20 June 2012

Honorable Mention

I have yet to start pitching my novel anywhere because I wasn’t completely satisfied with the master’s thesis version and have been “polishing.”  Currently around 130,000 words long, I expect the finished version to come out at around 150,000 and to be ready to submit to agents and/or publishers by the end of summer.

In the meantime, and in my impatience, I’ve done what’s generally considered a “no-no,” which is submit excerpts of the novel to small journals and contests.  My hope was to achieve some minor success with said excerpts, thereby making it easier to pitch the full manuscript.  An online article and an author neighbor of mine recently reminded me why this may be a bad idea.

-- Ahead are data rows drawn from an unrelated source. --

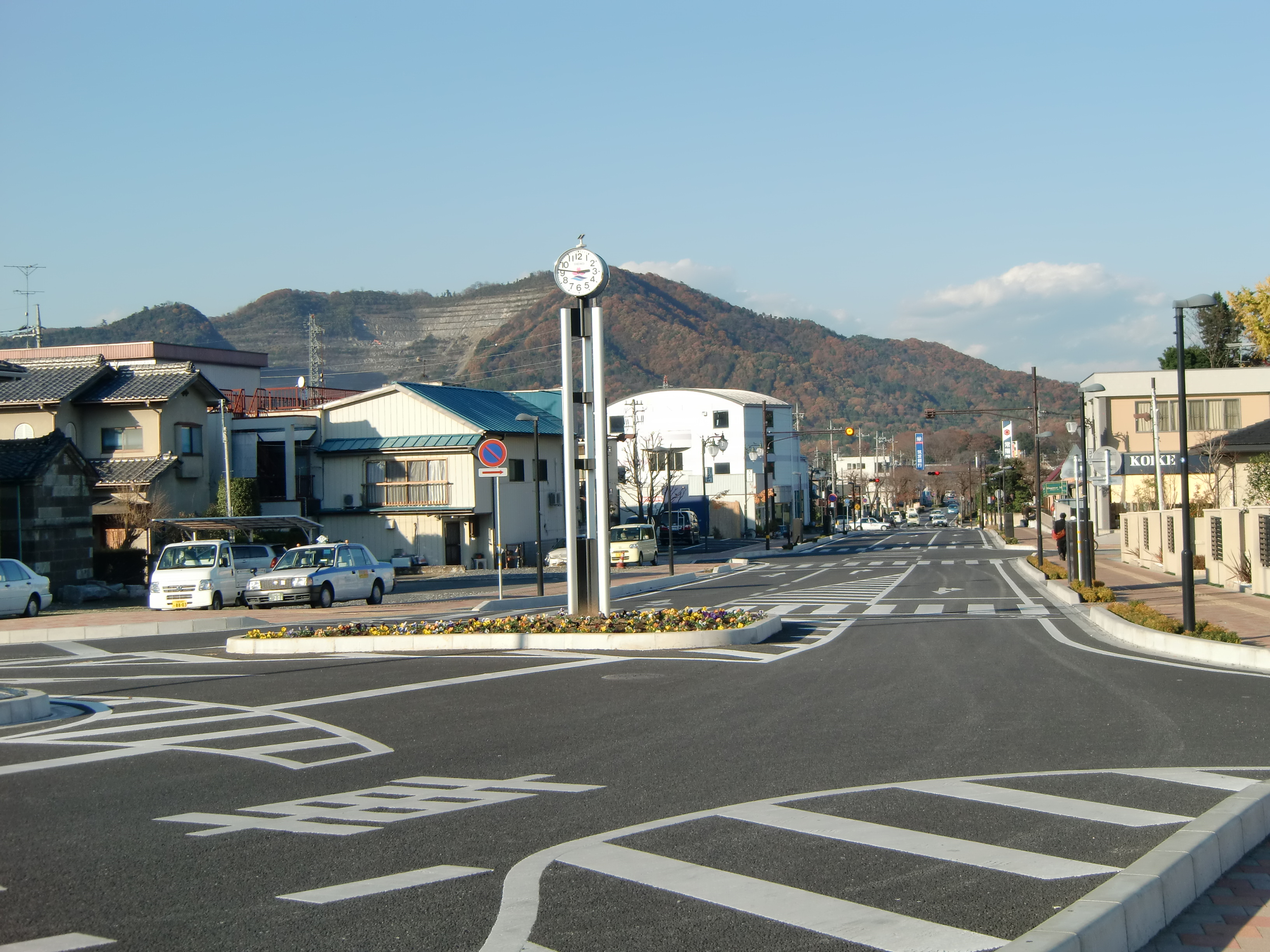 Landscape of in front of Iwase station, Inuda, Sakuragawa city, Ibaraki prefecture, Japan.
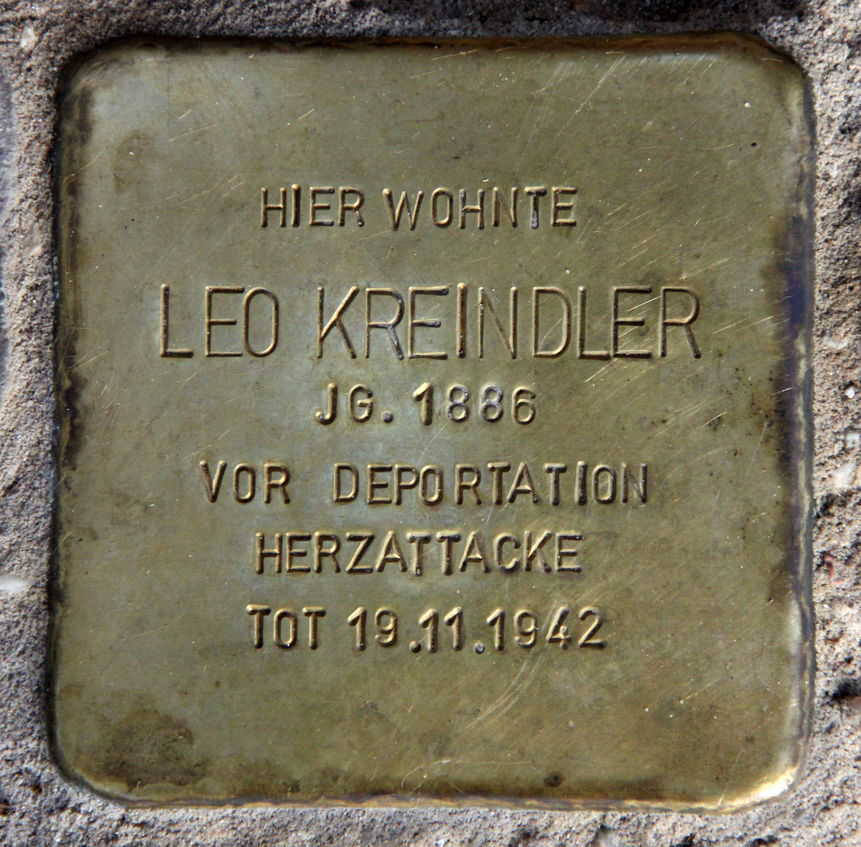 "Stolperstein" (stumbling block), Leo Kreindler, Pfalzburger Straße 10A, Berlin-Wilmersdorf, Germany
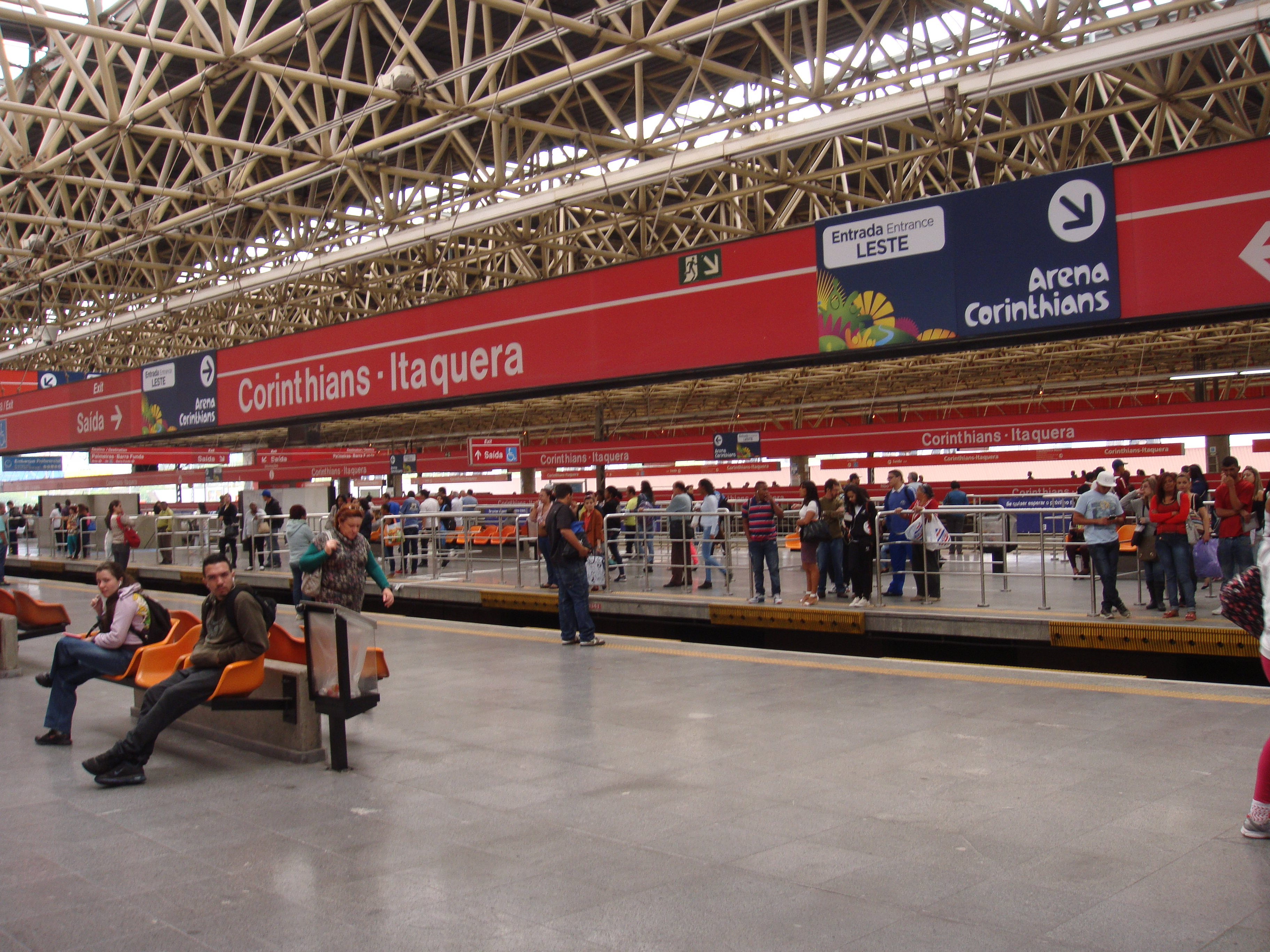 São Paulo Subway, Corinthians Itaquera Station
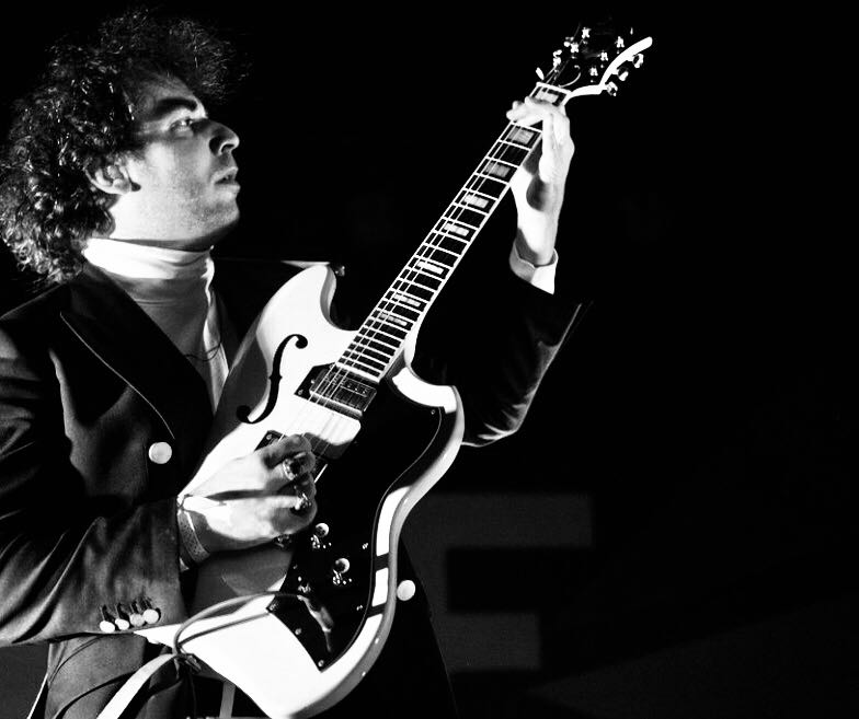 Yonatan Gat performing in FME Festival in Quebec in 2018
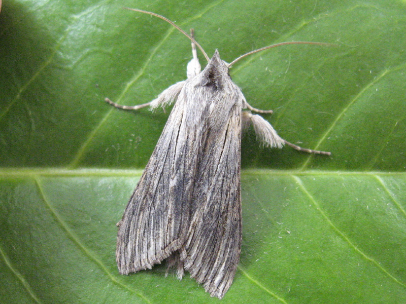 Cucullia chamomillae, location: The Netherlands - Ossenisse - Noordhofpolder
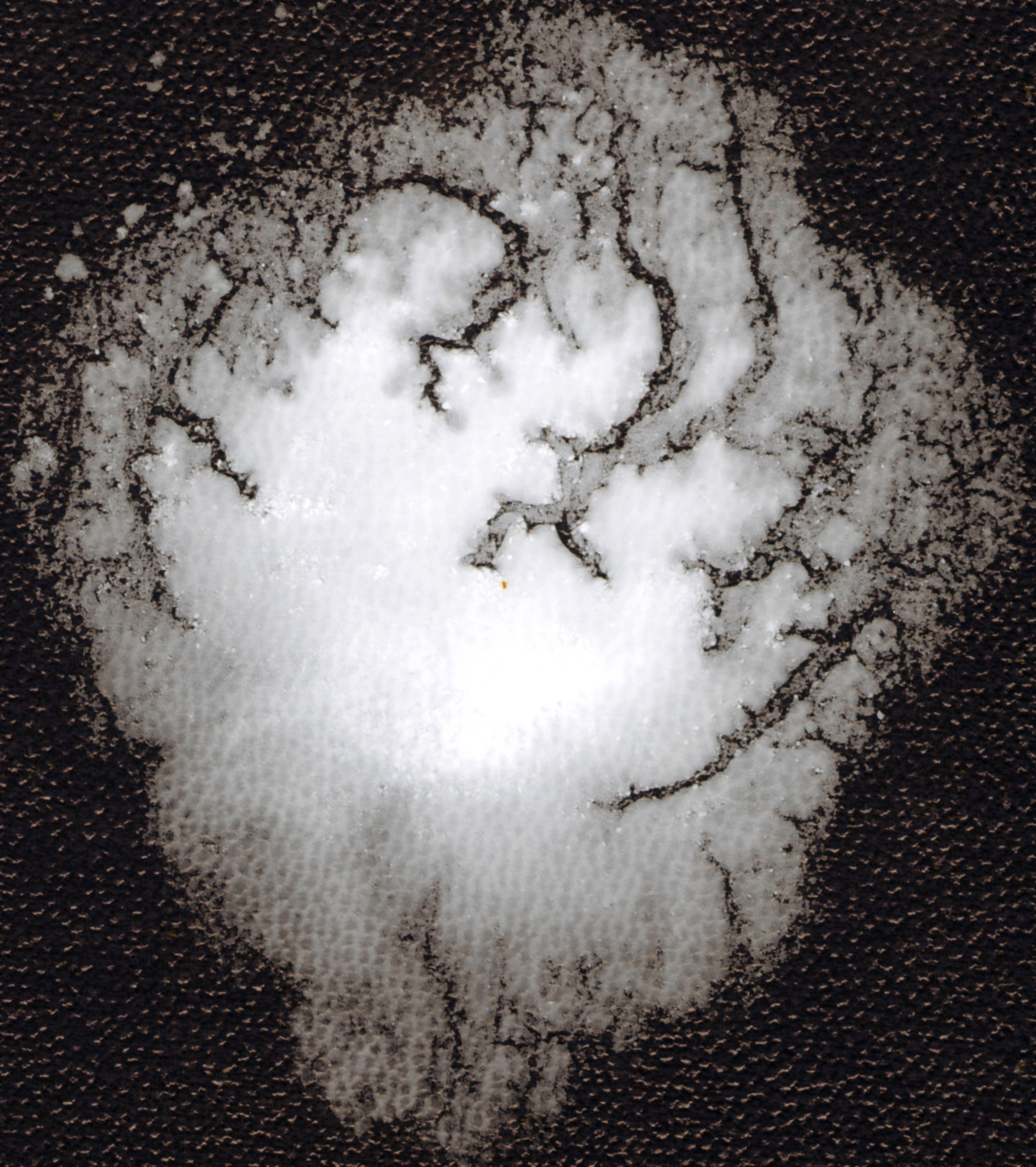 Silicon dioxide powder (silica fume), 130m²/g surface area, placed on the scanner under a blue book, scanned in at 1600dpi.
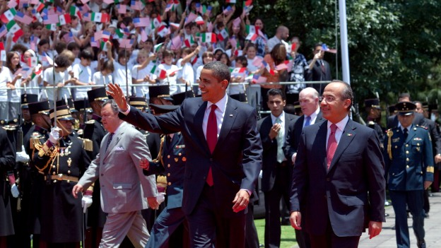 President Barack Obama is welcomed by Mexico's President Felipe Calderon in Mexico City.
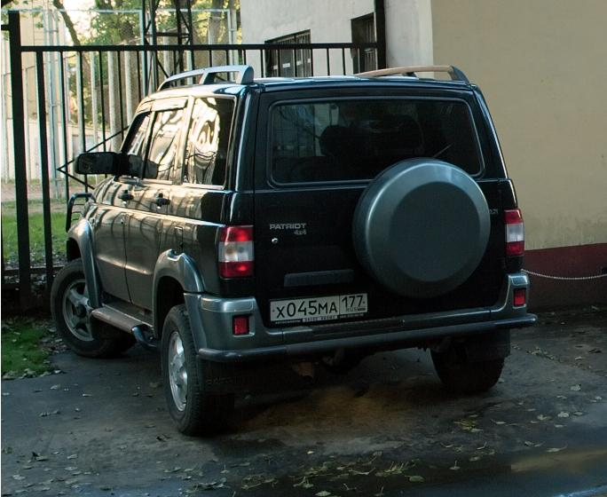 ZAZ-965 parked near Jerusalem church in Moscow. UAZ Patrior for comparison
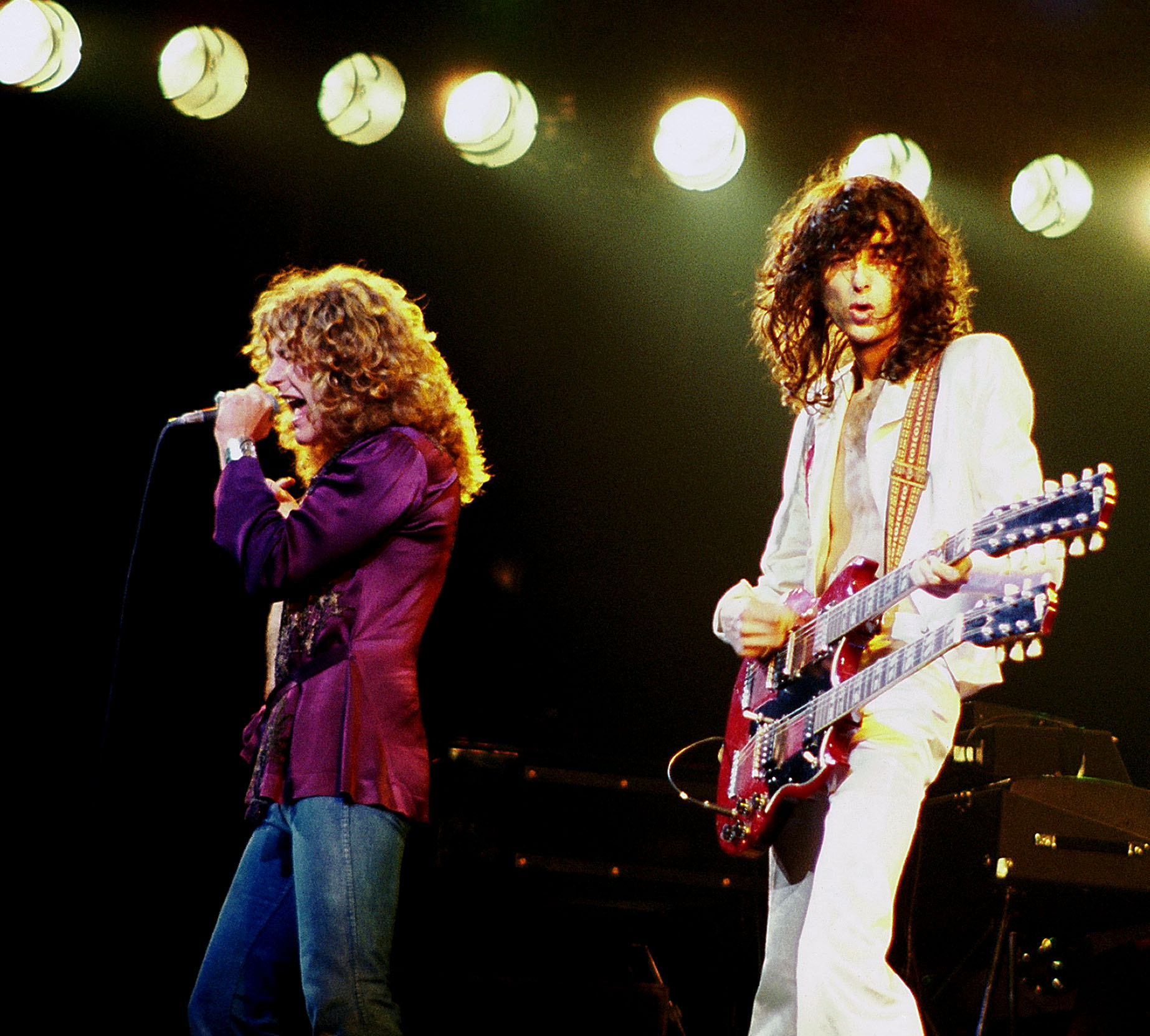 Robert Plant (left) and Jimmy Page (right) of Led Zeppelin, in concert in Chicago, Illinois
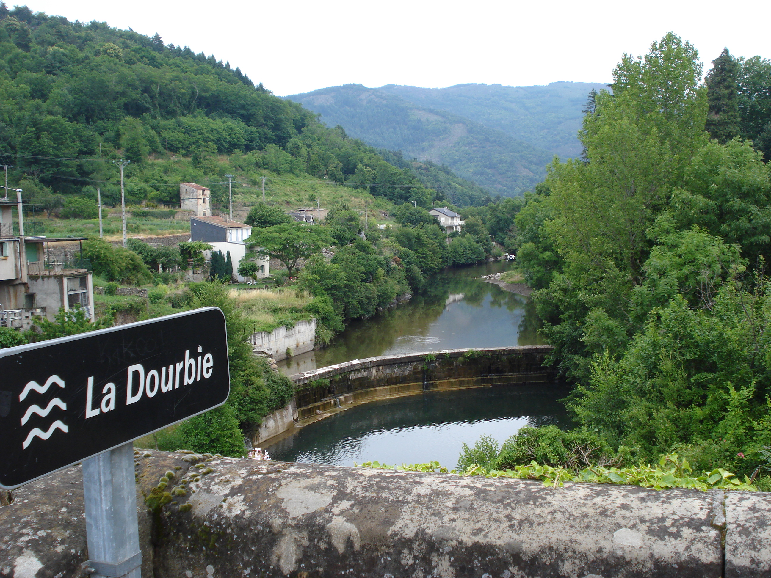 Dourbie river at Saint-Jean-du-Bruel.
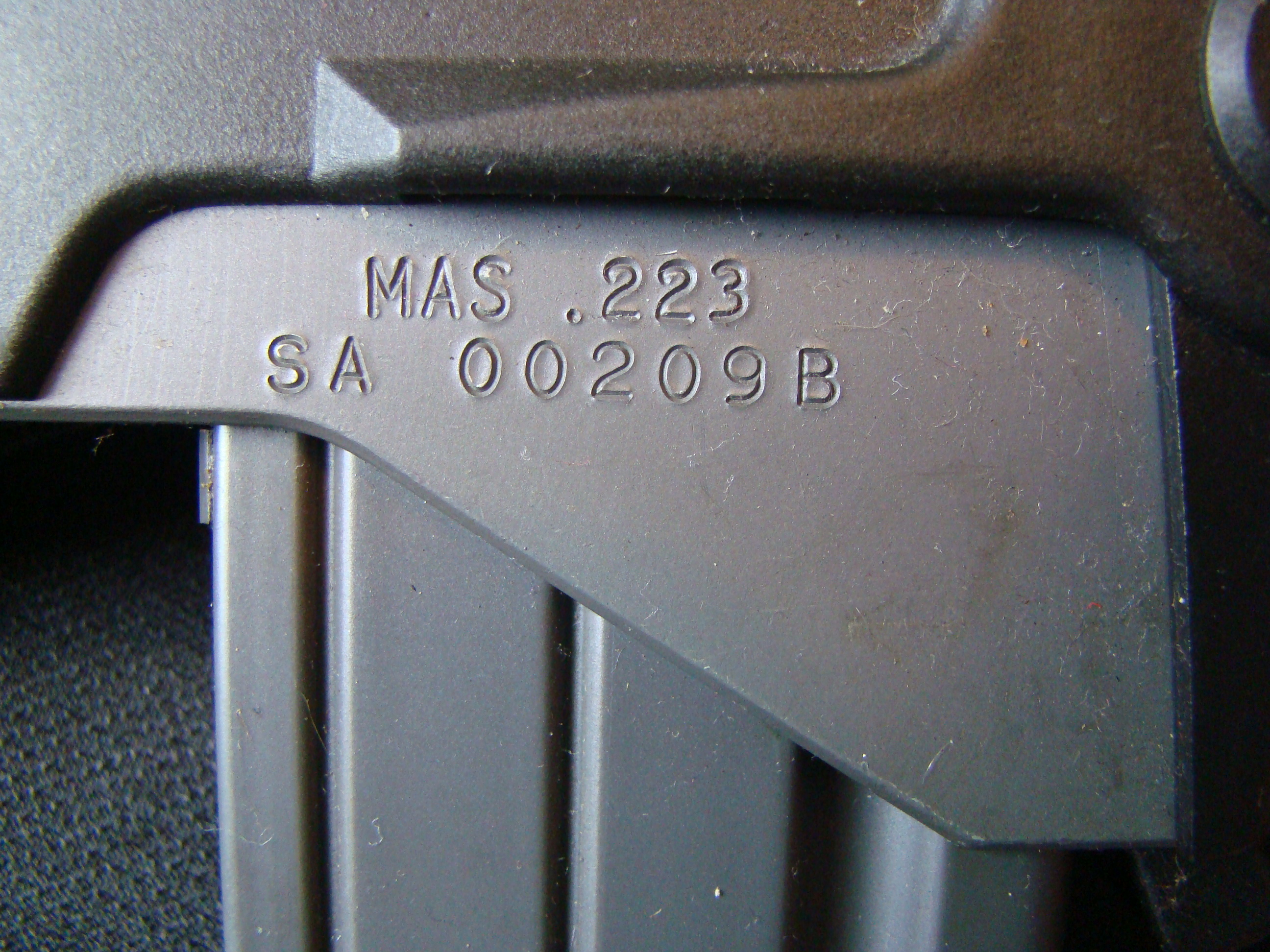 Century Arms MAS .223 (FAMAS) right side receiver markings
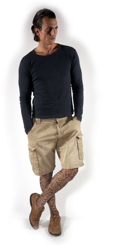 A man wearing patterned pantyhose as a regular clothing item.
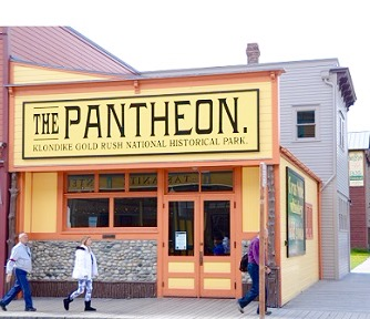 The Pantheon Saloon at Klondike Gold Rush National Historic Site in Skagway Alasks now used for Junior Rangers
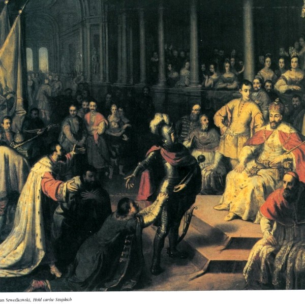 Vasily IV Shuysky with brothers bringing tribute before Sigismund Vasa III
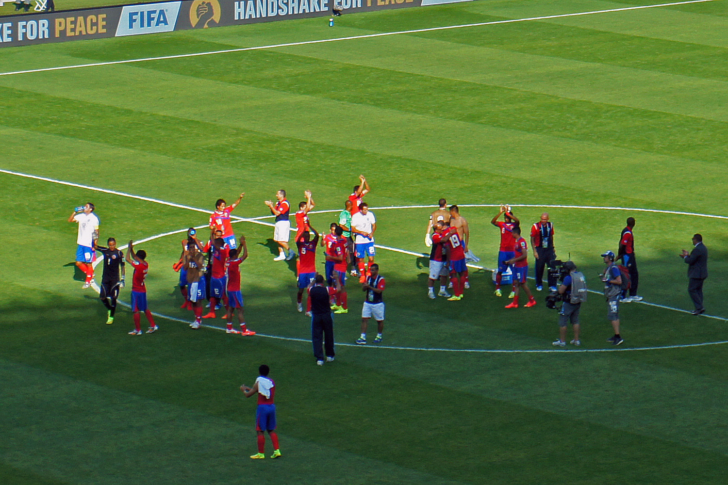 Costa Rican players celebrating their classification for the round of 16 as first place of Group D at Estádio Mineirão in Belo Horizonte at the end of the Costa Rica and England match at the 2014 FIFA World Cup, Brazil.
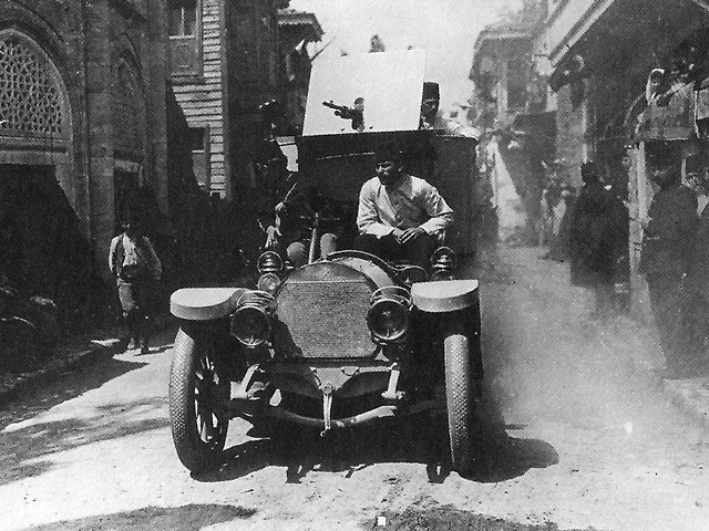 Young Turk revolutionaries entering Istanbul in 1909

Still, at the end of 2011 I sent around 17,000 words of the novel, as a stand-alone novella called "Golden Boy," to the L. Ron Hubbard Writers of the Future Contest and just learned that it received an Honorable Mention from K. D. Wentworth, longtime Coordinating Judge who recently passed away (which explains why her signature is missing from the certificate, though I was told mine was one of the last stories she read).  In truth, the contest usually chooses somewhere around 100 honorable mentions each quarter—I’d guess maybe 10% of total entrants—and there are several tiers of “honor” above them.  I’m aware that some regular contestants have around eight or more such mentions.  But I figure it doesn’t hurt to file this away among my most flattering rejections.